Mid December 2018, I received a DM on twitter from a new follower @deanbryen which was basically read like so –

Hey Gregor! I know you’ve been doing a ton of stuff with the Azure community both in Scotland and online. Thanks for that!!

We’re organising a small (10-15 people) private event for top UK tech community members to attend an AMA with Scott Guthrie in January. I added you to the list of invitees, so this is me inviting you 🙂

What:  ‘Azure AMA (ask me anything) with Scott’ An opportunity to have a closed-door discussion with Scott Guthrie on the state of cloud in the UK

So on Friday 18th January I went down to London to the Microsoft Reactor and met with Scott Guthrie to ask him question’s on the status of Azure in the UK – an Ask Me Anything session – not gonna lie I was super excited by this opportunity.

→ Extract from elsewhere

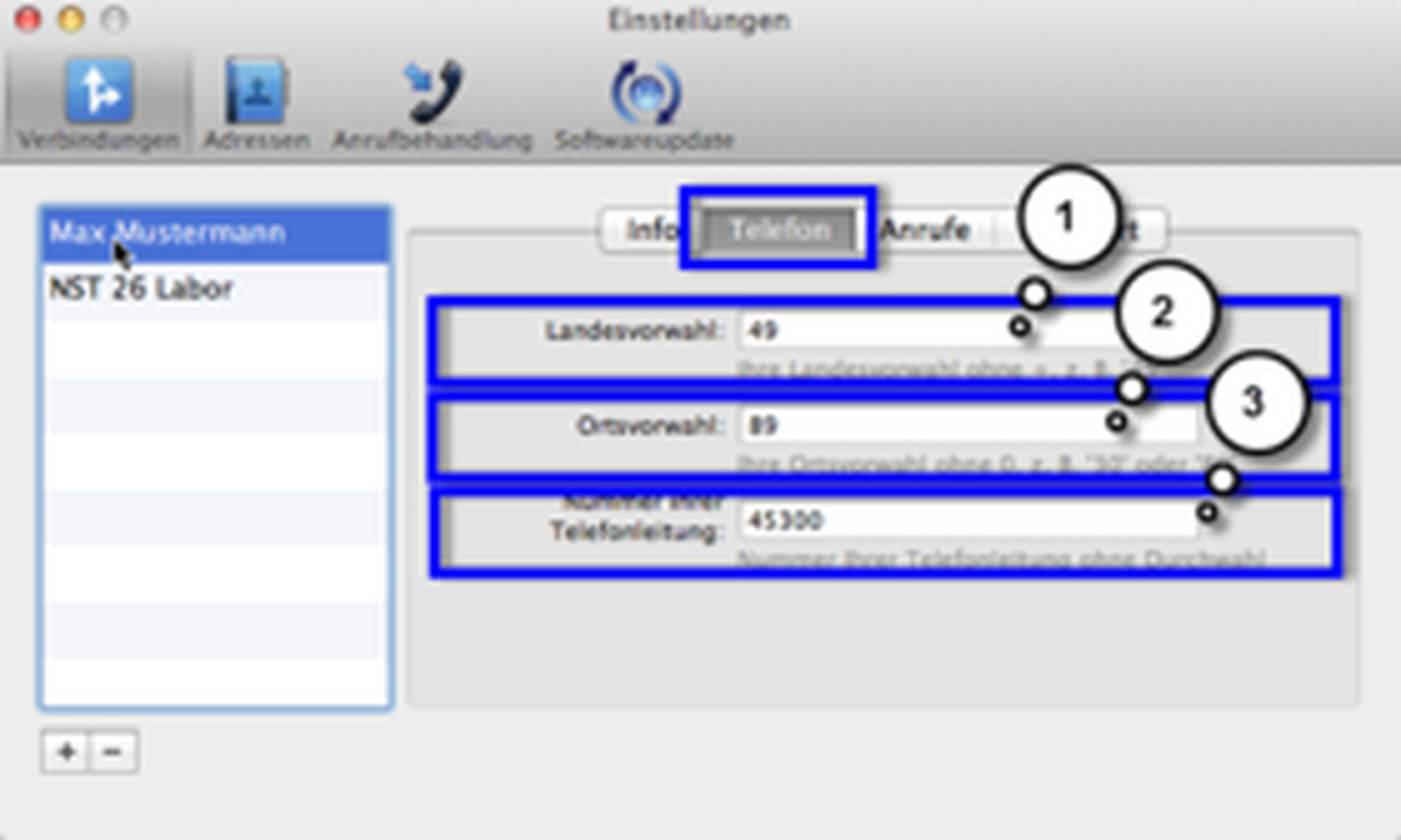 Im Reiter "Telefon" können Sie Ihre Landes- und Ortsvorwahleinstellungen sowie die Nummer Ihrer Telefonleitung festlegen.

Firstly it was amazing to get recognised as someone with a passion for Azure and be recognised, it felt like a reward for all the hard work I put in with blogging, user group, helping other people and giving feedback on Microsoft products etc. – I get a lot of people saying their inspired by how I took to learning Azure and how they want to do the same.

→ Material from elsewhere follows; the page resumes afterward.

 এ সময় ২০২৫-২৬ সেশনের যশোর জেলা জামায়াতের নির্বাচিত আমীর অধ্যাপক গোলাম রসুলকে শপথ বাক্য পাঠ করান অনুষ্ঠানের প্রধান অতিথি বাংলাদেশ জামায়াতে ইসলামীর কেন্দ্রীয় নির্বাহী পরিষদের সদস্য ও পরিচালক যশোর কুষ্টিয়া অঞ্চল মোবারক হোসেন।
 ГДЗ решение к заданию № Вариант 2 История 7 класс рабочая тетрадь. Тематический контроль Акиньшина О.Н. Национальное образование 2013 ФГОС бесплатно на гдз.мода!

The meeting was just after 11am, Scott introduced himself and the products and teams he manages, he spoke about .Net, Azure, GitHub, AI, Data and more and if you think about that, that is a huge amount of people and projects to be responsible for.

One thing that struck me was his passion for it and his in-depth knowledge of where the teams are, what’s planned ahead, even down to the release dates for the vnext in these products.  GitHub was mentioned a good few times and with Microsoft purchasing it he talked about how recognised how people might react but he knows that GitHub will get even better moving forward for all types of developer’s.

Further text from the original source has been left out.